Data Mining Applications in Master Health Checkup: A Statistical Exploration

DOI : 10.17577/IJERTV2IS2071

Download Full-Text PDF Cite this Publication

Text Only Version

Data Mining Applications in Master Health Checkup: A Statistical Exploration

G. Manimannan* S. Hari** and G. Vijaythiraviyam**

* Assistant Professor

** Senior Post Graduate Student

Department of Statistics, Madras Christian College, Tambaram, Chennai.

Abstract

Data mining has been used exhaustively and widely by many organizations. In healthcare, data mining is becoming more and more popular, if not increasingly essential. Data mining applications can significantly benefit all parties involved in the healthcare industry. The huge amounts of data generated by healthcare transactions are too complex and voluminous to be processed and analyzed by traditional methods. Data mining provides the methodology and technology to transform these mounds of data into useful information for decision making.

This study explores data mining applications in healthcare. In particular, this area was chosen as a model to study Master Health Checkup (MHC). The data were collected from secondary source containing 295 patients in St. Johns Hospital, Bangalore. The case sheet deals with socio demographic characteristic, Blood Pressure, Fat, Liver and diabetic related parameters.

The salient feature of this study is the application of Factor Analysis, K-means clustering and Multivariate Discriminant Analysis (MDA) as data mining tools to develop the hidden structure present in the data. The scores from extracted factors are used to find initial groups by K-means clustering algorithm. A few outlier health care profiles, which could not be classified to any of the larger groups, are discarded as some of the parameters possessed higher values. Finally, DA is applied and the groups are identified as MHC patients belonging to O-Class (Obesity), N-Class (Normal) and UW-Class (Under Weight) in that order. The results of the study indicate that DA classification maps can be a feasible tool for the health care analysis of large amounts of master health checkup data.

Key Words: Master Health Check (MCH), Data mining, Factor Analysis, K-means Clustering and Discriminant Analysis (DA)

1. Introduction

The Master Health Check-up (MHC) is offered by various hospitals and medical research institute is a programme that attempts to reduce health care costs by prevention and early diagnosis. A variety of chronic diseases afflict us, most of which take their toll after the fifth decade of life.

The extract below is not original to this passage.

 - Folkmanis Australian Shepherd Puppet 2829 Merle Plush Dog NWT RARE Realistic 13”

Diabetes, hypertension, heart attacks, stroke and cancer are some of the more common examples.

Almost all of these problems first go through a long quiescent phase where they produce no symptoms. This period can be as long as 10 – 20 years. It makes sense, therefore, that a programme that attempts to detect and correct these problems during this silent phase will decrease the ultimate morbidity from these diseases. In the early days of preventive health check- ups, every conceivable test and technology was ordered in the hope that some would be abnormal and provide an avenue of approach. A handful of items, mostly simple, appear to provide the greatest value.

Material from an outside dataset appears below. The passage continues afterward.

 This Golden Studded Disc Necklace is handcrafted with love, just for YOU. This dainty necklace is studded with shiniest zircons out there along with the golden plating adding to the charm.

The MHC offered at various hospitals and institutes is a carefully constructed programme that offers a panel of tests that are proven to be valuable. As an incentive to those who have taken the efforts to control their health problems, the programme also includes two or more follow up visits within a year of the MHC and the physician in charge of the checkup.

Good health is by itself of great value. It enhances market earnings by increasing the number of healthy days an individual has available for work (Grossman 1972) and increases non-market productivity, allowing more time for household production (Becker 1976). Health checkups help to secure and maintain good health.

The Master Health Check (MHC) is a series of tests to screen each functional area closely to detect even the smallest symptom of a major illness. It also helps to identify the reason for minor ailments, which are

constant. MHC is considered to be the most comprehensive prevention check. Master Health Check consists of five permanent packages, which are as follows: Master Health Check, Executive Health Check, Heart Check, Whole Body Check and Well Women Check (B. Krishan Reddy, G.V.R.K. Acharyulu, 2002). The main objective of this paper is to investigate whether;

  1. To identify the hidden patterns using Factor analysis for original MHC patients.

  2. Data mining paradigms together with well known unsupervised learning classification model K-mean clustering method can be used to exhibit the classification of MHC patients and to cross validate the original classification using MDA.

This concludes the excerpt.